The team of doctors from McMaster University, St. Joseph's Healthcare and Hamilton Health Sciences will test the theory that multiple sclerosis is a vascular disease that can be treated with a simple surgical procedure, angioplasty, to clear blockages in veins. Using magnetic resonance imaging and ultrasound technology, researchers will study veins in the brains of 200 long-suffering patients and healthy people to see if there is a difference between them.

Those results could add to Paolo Zamboni's early findings that multiple sclerosis may be caused by vein blockages that lead to a buildup of iron in the brain - a radical departure from current thinking that MS is an autoimmune condition in which the immune system attacks myelin, a fatty substance that coats nerve cells.

Many in the medical community have been skeptical of Dr. Zamboni's work, because it is preliminary, with a small sample size, and has been heavily promoted before it has gone through the rigorous scientific research process.

On Monday, Dr. Zamboni, in Hamilton for a scientific workshop, came out swinging at his critics. He said he has never proposed that blockages are the only cause of multiple sclerosis, and he welcomed more rigorous testing of his work.

"If I should be a neurologist and read the reports … the first thing that I should do is to investigate the neck veins in my patients, not to criticize the number of patients, the need for further study …," he told reporters.

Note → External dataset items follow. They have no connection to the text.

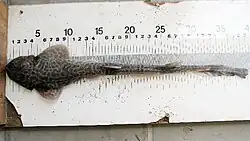 The Izak catshark or simply Izak (Holohalaelurus regani) is a species of shark belonging to the family Pentanchidae, the deepwater catsharks. This species is common off the coasts of South Africa and southern Namibia. It typically inhabits the outer continental shelf at depths of 100–300 m (330–980 ft), with the males found deeper than the females and juveniles. The Izak catshark has a short, wide, flattened head and a robust body tapering to a long, slender tail. It can be identified by its ornate color pattern of dark brown spots (in juveniles) or reticulations and blotches (in adults) on a light yellowish background, as well as by the enlarged dermal denticles over its pectoral fins and along its dorsal midline from the snout to the second dorsal fin. This species reaches 69 cm (27 in) in length, with the males larger than females.
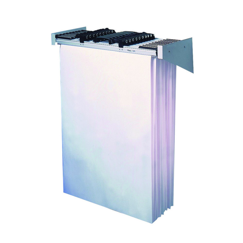 Install a Vistaplan Grey A0 Plan Wall Carrier for compact storage for up to 500 large format documents. It can hold up to 10 Vistaplan Plan Hangers for organising and filing plans, drafts and other drawings. The compact design affixes to your wall, allowing easy access to all essential artwork. It is ideal for permanent filing of important documents in art departments or offices where space is at a premium.
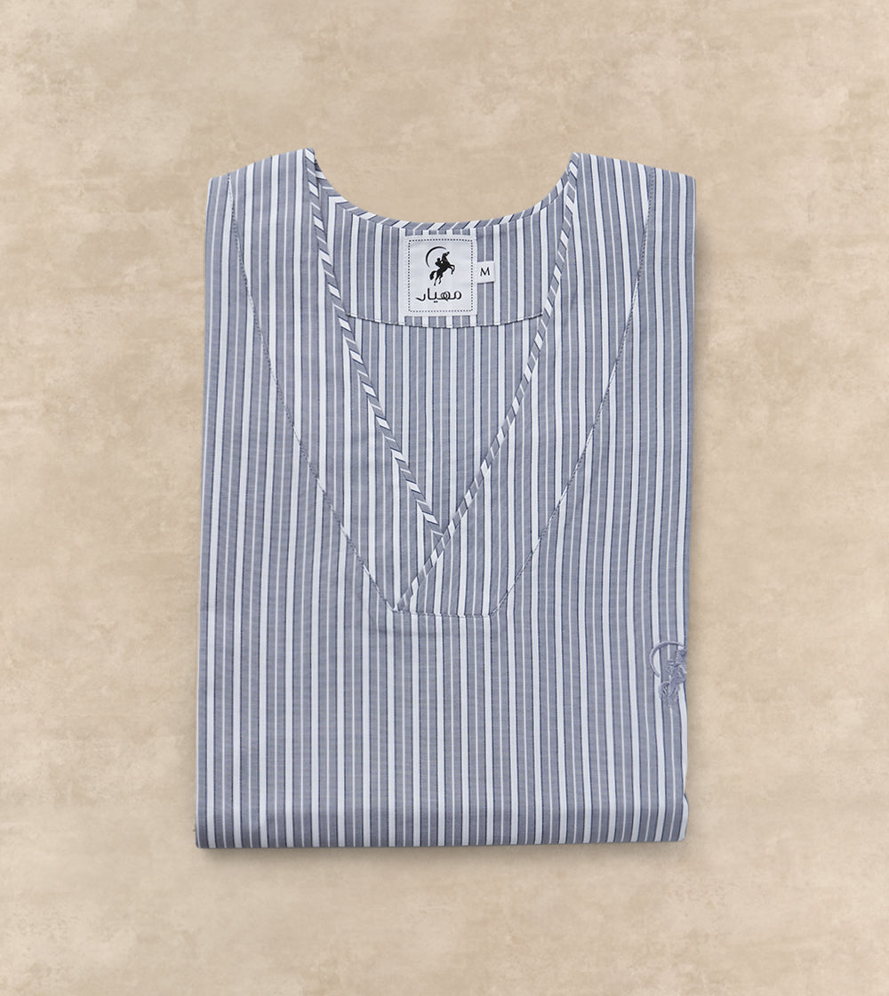 Soft grey jalabia designed to beat the heat with style.
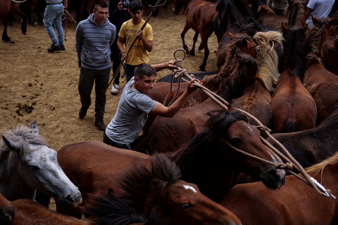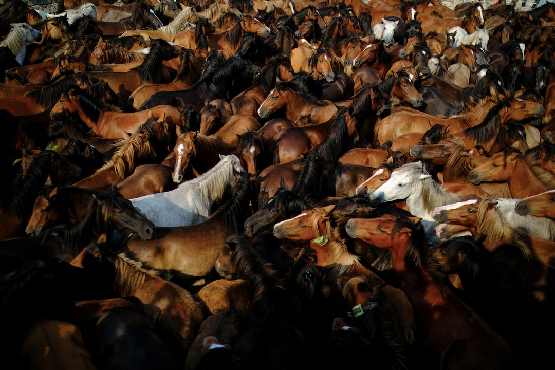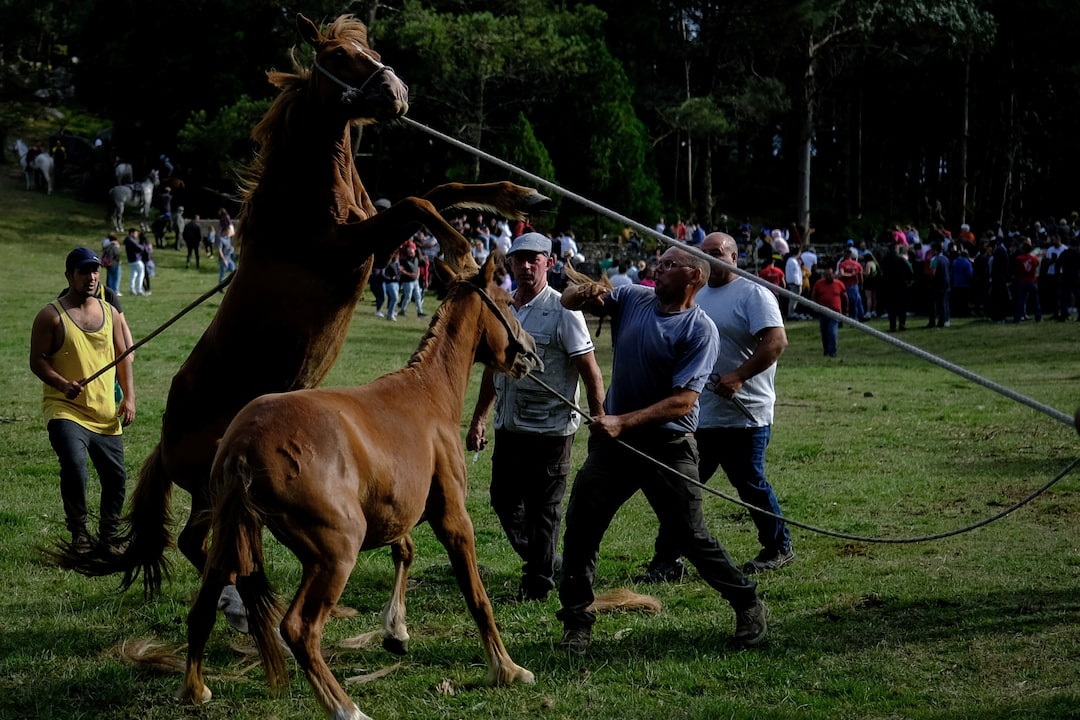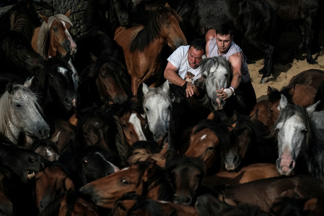 野马在围栏内聚集,在2023年7月8日西班牙加利西亚的萨布塞多村进行“rapa das bestas”或“兽类剪毛”之前,它们会被驱虫并剪去鬃毛。每年夏天,当地人会将该地区大约10,000匹野马聚集起来进行年度… 阅读更多他们每年会举行一次被称为“rapa das bestas”或“兽类剪毛”的活动,以便给马匹驱虫、接种疫苗,并剪去鬃毛,以使狼更难捕捉到它们。
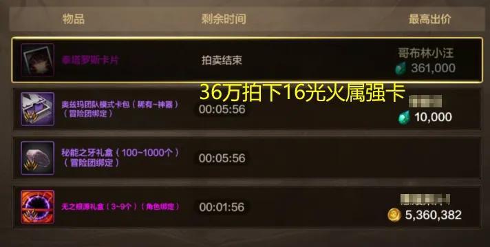 以我自己的一波團爲例,競拍出現了“泰塔羅斯卡片”16光火屬強,直接以36萬泰拉最高價拍下;
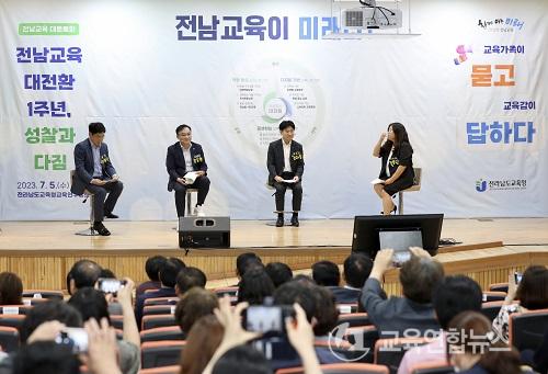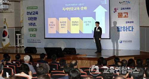 Àü¶ó³²µµ±³À°Ã»(±³À°°¨ ±è´ëÁß)ÀÌ ÁÖ¹ÎÁ÷¼± 4±â ±è´ëÁß ±³À°°¨ ÃëÀÓ 1ÁÖ³âÀ» ¸Â¾Æ 7¿ù 5ÀÏ(¼ö) Àü¶ó³²µµ±³À°Ã»±³À°¿¬±¸Á¤º¸¿ø¿¡¼­ ¸¶·ÃÇÑ ¡®Àü³²±³À° ´ëÅä·Ðȸ¡¯ Âü¿©ÀÚµéÀº Àü³²±³À° ´ëÀüȯ Á¤Ã¥ ½ÇÇö °úÁ¤¿¡¼­ ±³À°°øµ¿Ã¼µéÀÇ ÀÇ°ß ¼ö·Å°ú ¹Ý¿µÀÌ Áß¿äÇÏ´Ù´Â µ¥ ÇѸñ¼Ò¸®¸¦ ³Â´Ù.
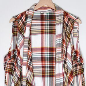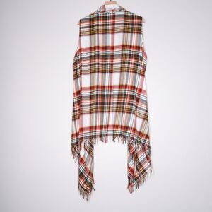 Cato Womens Shawl Cardigan 22/24W Orange Western Plaid‎ Fringe Cotton Festival
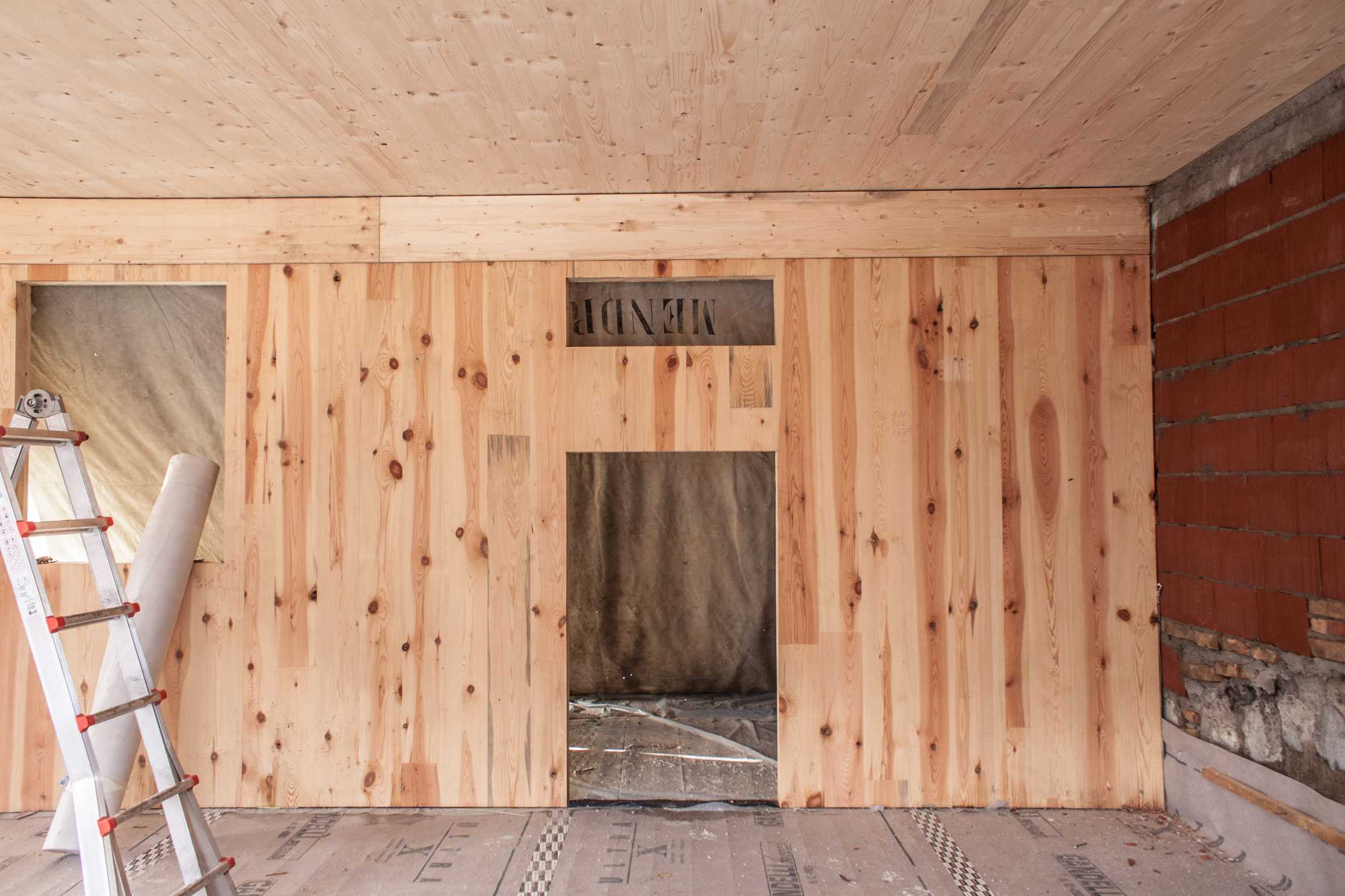 La disposizione incrociata delle lamelle longitudinali e trasversali di queste pareti permette di ridurre al minimo i fenomeni di rigonfiamento e ritiro del pannello, aumentandone la resistenza statica e la stabilità dimensionale. Per l’incollaggio dei vari strati di assi viene impiegato il collante Pur Purbond HB 110 Collano, privo di solventi e formaldeide. La giunzione tra un pannello e l’altro avviene tramite viti, scelta tecnica che permette alla struttura di assorbire e distribuire il carico in più direzioni.
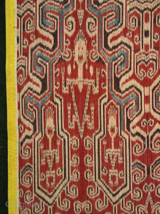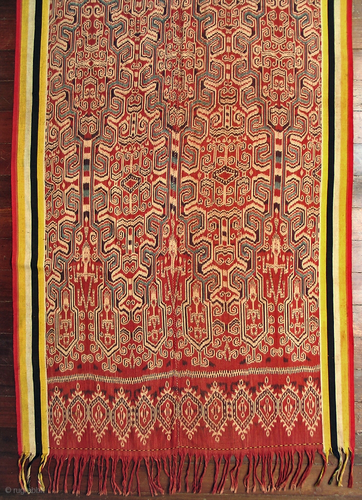 Description: a very fine, ikat ritual / ceremonial hanging (pua) woven by the Ibanic people along the Kalimantan/ Saribas border, with a beautifully detailed and intriguing pattern executed in fresh brick red, soft blue, dark brown and ecru. The pua was woven in 2 mirroring panels that were sewn together along the selvedge, and the design is moves upwards from human figures at the base of large, interlocking blue-hooked rhombs. The intricate delicacy of the design balances between the organic, vegetal hooks and a patterned symmetry of design, and between the figurative and the abstract. Solid striped bars extending above the heads of the larger figures suggest tree trunks, but the expansive blue outlined forms also resemble some cloud patterns made by the Sarawak Ibans. The variation in the thickness of blue, white, red and dark brown outlines creates a sophisticated three-dimensional effect, the amount of blue used is rare and gives a strong emphasis to a design which has an overall fresh, lively elegance.
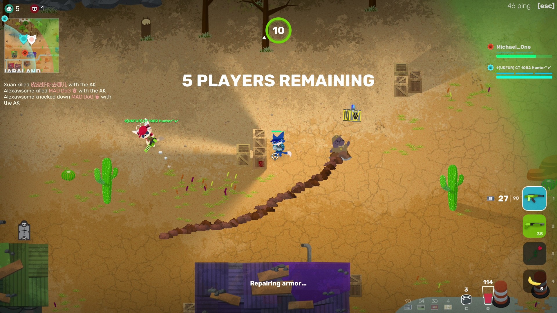 It’s a fight for furvival! Super Animal Royale is a 64-player, frenetic, top-down 2D battle royale where murderous animals fight tooth, claw, and machine gun across an abandoned safari park. Collect and customize your favorite critters and weapons, then put them to work in solo matches or team up as a squad of up to four players!
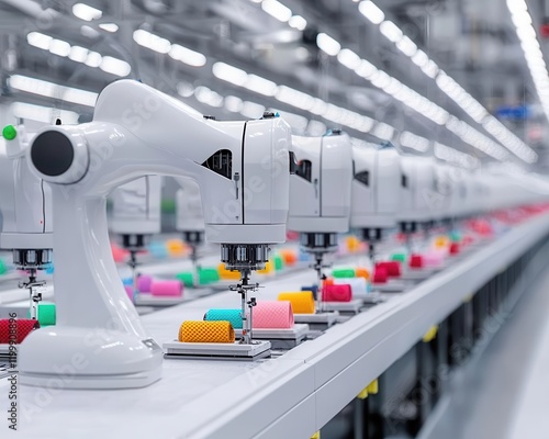 Robotic sewing arms crafting tailored pillowcases, hightech factory integration
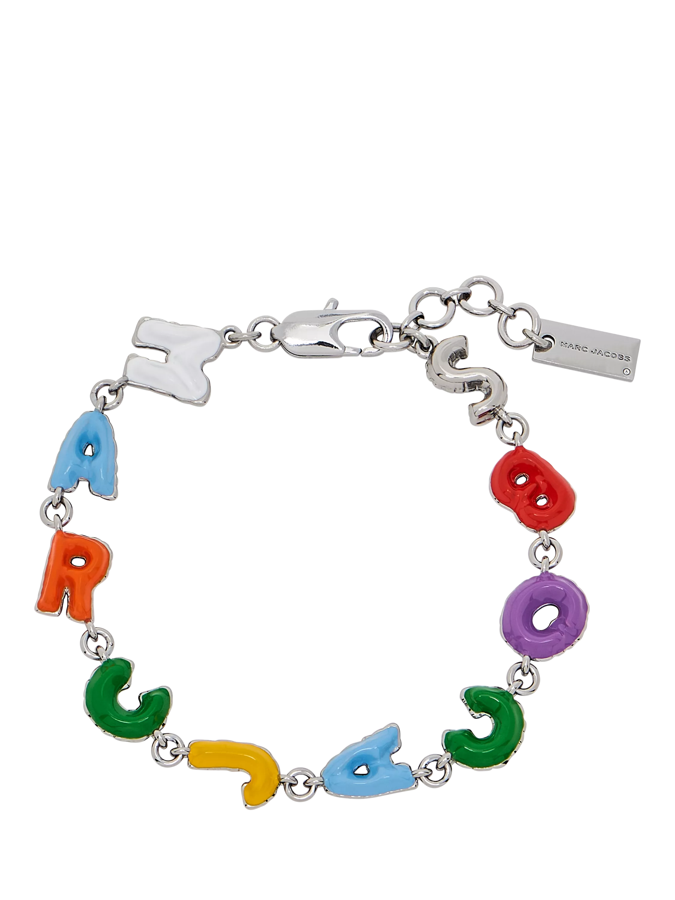 This playful bracelet from Marc Jacobs features a burst of colourful enamel letters in their signature, balloon-inspired logo. Secured with a lobster clasp fastening.
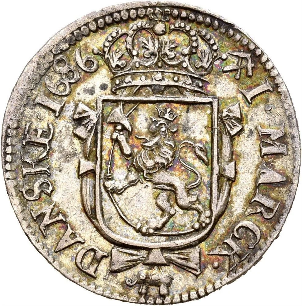 In 1686, Norway was part of the dual monarchy of Denmark-Norway, and its currency system was complex and troubled. The primary circulating coin was the skilling, minted in silver, but the system was officially based on the riksdaler (rix-dollar), a large silver coin used for major transactions and accounting. However, a severe shortage of physical coinage, especially small change for everyday trade, plagued the economy. This scarcity was exacerbated by the export of full-weight Norwegian silver coins to foreign markets where their metal value was higher, leaving the domestic economy starved for reliable currency.
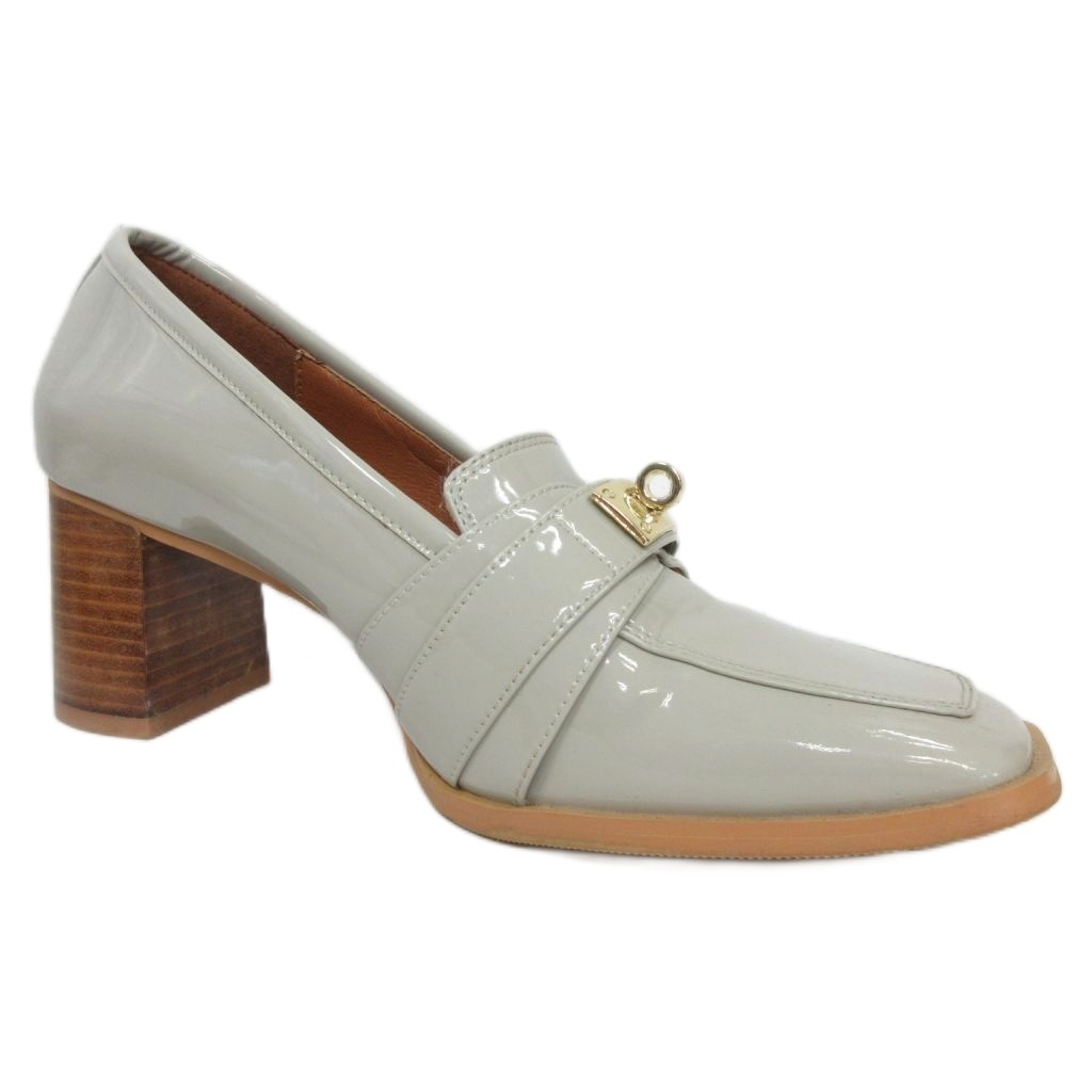 オウバニスター AU BANNISTER 【晴雨兼用】ヒールアップローファー ターンロック ゴールド金具 撥水 ライトグレー 37 23.5cm
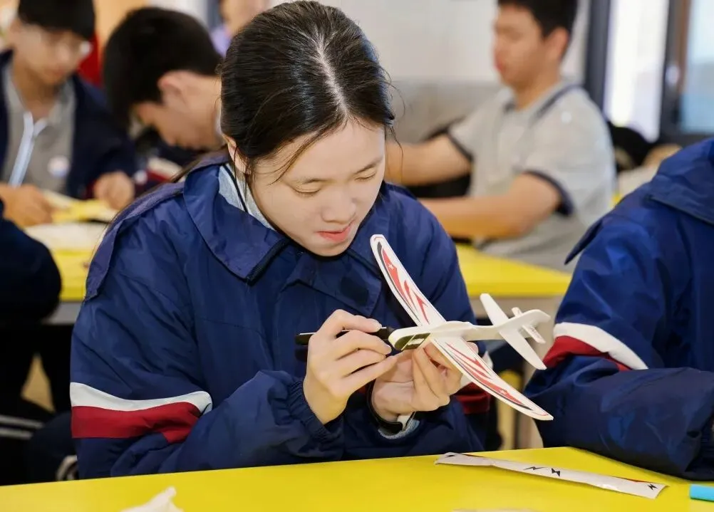 航模国防体验课上,同学们化身小小国防少年,全神贯注拼装军事航模,小心翼翼裁剪零件,为战机、军舰模型认真上色,一笔一划都饱含着对国防力量的向往。
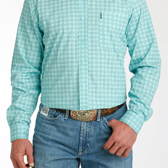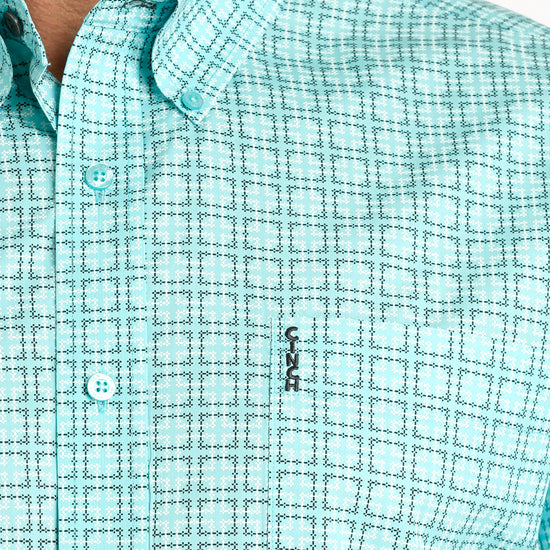 Cinch Men's Modern Fit Blue Square Geometric Print Button Down Shirt
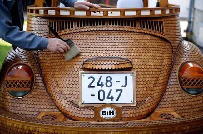 Босниец описывает свой деревянный Фольксваген как «любимую работу». Он начал с кузова обычного «Жука», а затем покрывал его черепицей из дерева и сделал деревянный салон, а также рулевое колесо, колпаки, которые также изготовил своими руками в мастерской в своем саду.
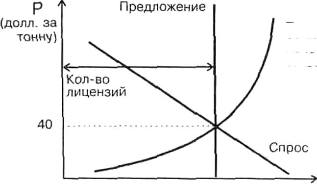 На основе сочетания принципов нормативного и платного природопользования возможно функционирование “рынка прав на загрязнения” (рынок лицензий на загрязнение). Графическая интерпретация такого рынка на основе спроса и предложения представлена в нижеидущем рисунке.
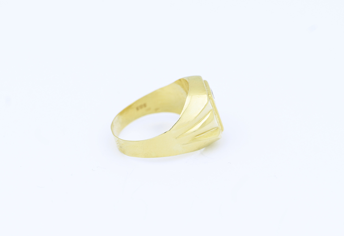 Zlatý pánský prsten, dutý, zdobený zirkonem.
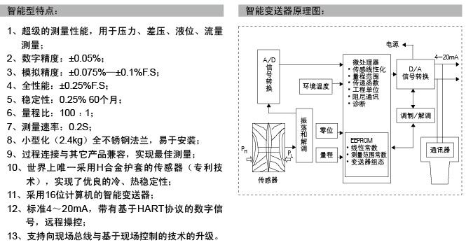 電容式智能型壓力、差壓與絕壓變送器: 1、性能優秀:精度±0.075%~±0.1%; 2、量程比:100:1; 3、測量范圍:60Pa至40MPa; 4、隔離膜片:316L不銹鋼、哈氏合金、蒙乃爾、鉭及重金屬膜片; 5、設計小巧、堅固輕量、易于安裝、2.4kg、166mm。 電容式智能型法蘭液位變送器: 1、液位測量精度達±0.075%~±0.1%; 2、測量范圍:500mmH2O至250000mmH2O; 3、平膜式、插入式及法蘭規格可選; 4、可選灌充液,滿足不同場合測試; 5、接液材質:316L不銹鋼、哈氏合金、蒙乃爾、鉭及重金屬膜片可選。 電容式智能遠傳法蘭壓力、差壓變送器: 1、測量范圍:6KPa至1MPa; 2、一體化波紋座設計,減少溫度影響,提高抗過壓性; 3、多種遠傳法蘭,多種過程連接方式; 4、差壓、壓力、液位測量。

Dr. Zamboni, a professor of medicine at the University of Ferrara, had 65 of his patients undergo angioplasty to clear blockages. Of those patients, 50 per cent reported no attacks in the next 18 months. In a control group that did not have the surgery, the rate was 27 per cent.

Already, researchers in Canada and around the world are eager to test Dr. Zamboni's theory. Scientists in Europe and the Middle East say they are seeing malformed or blocked veins in MS patients. Researchers in Buffalo are expected to release their findings, which involved 500 subjects, shortly.

In Canada, the Multiple Sclerosis Society is receiving proposals for projects to test Dr. Zamboni's work. It will make $100,000 available annually for two years. The team in Hamilton and another at the University of British Columbia plan to apply for the grants.

Mark Haacke, director of the MRI Institute for Biomedical Research in Detroit and an adjunct professor at McMaster University, has been urging patients to send him MRI scans of their heads and necks. He will be working with the Hamilton team. He acknowledged Monday that Dr. Zamboni's theory may not provide all the answers to multiple sclerosis, but it could be a contributing factor. "It behooves us to investigate it further," he said.

Multiple sclerosis is a degenerative condition that can cause loss of balance, impaired speech, extreme fatigue and paralysis.